Prague - How one's luck can change... Last month they were awarded for their daring exploits by the National Gallery and now they face up to 3 years in prison. For the same cutting edge hoax.
Six members of a Czech art-guerilla group called Ztohoven, which hacked into a TV programme with a video montage displaying what looked like a genuine nuke explosion in June last year, will have to stand trial in January.
According to the state prosecutor in the northern town of Trutnov Dušan Ondráček, who is in charge of the case, they induced public panic and thus comitted a crime.
Seven in the dock
"I expect the first hearing to take place in the month of January. But it is only an estimate," said Ondráček.
The seventh (and last) member of the group, who has been abroad up to now, is going to face the indictment as well.
"As far as I know he has returned to the Czech Republic and therefore he will be charged soon too. But he will be tried in a separate trial because of his long-term stay abroad," explained the state prosecutor.
However all of the accused are denying that it was their intention to cause panic or mock the national broadcaster. Allegedly, they wanted to highlight how powerful media are and what possibilities they have to manipulate the public's perception of reality.
Famous abroad
Big international media like CNN and BBC covered the story as well, which means global viewers have now had a chance to discover for themselves the art-guerilla collective, whose name is as tongue-in-cheek as their antics.
Ztohoven is actually a pun, which can either mean "Out of that" or "A hundred turds" - written differently in Czech, but sounding the same. If nothing else, the group managed to draw the biggest attention to any new Czech artist act in the last decade or more.
After all, the hoax nuke blast on Czech TV did not induce panic nor did it cause an irreversible loss. And the group's record in the police files as well as in the history of Czech art made it a great phenomenon.
Hijacking tradition
The hacking of the Czech TV broadcast certainly brought them more fame than their first art-guerilla piece, another hijacking of sorts. Ztohoven decided to alter a neon heart placed by a renowned Czech artist Jiří David on top of Prague Castle into a question mark in 2003.
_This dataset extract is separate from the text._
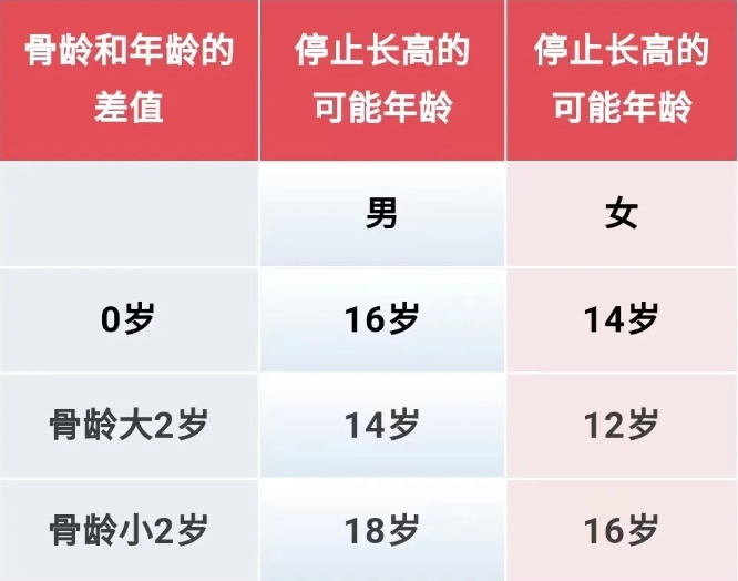 男孩约骨龄16岁,女孩约骨龄14岁,骨骺线闭合,身高停止增长。

The irony of it all is the fact that the state-owned public service Czech TV has taken Ztohoven to court while the state-owned National Gallery has awarded them.
As for the Ztohoven themselves, they don't seem to care that much. Sticking to their aim to stay anonymous, they avoid talking to media.
And they keep ignoring both the National Gallery Director Milan Knížák and Jiří David, who is arguably one of the most influential and famous artists in the Czech lands, in spite of the fact that both of them were the Ztohoven members´ professors at the academy.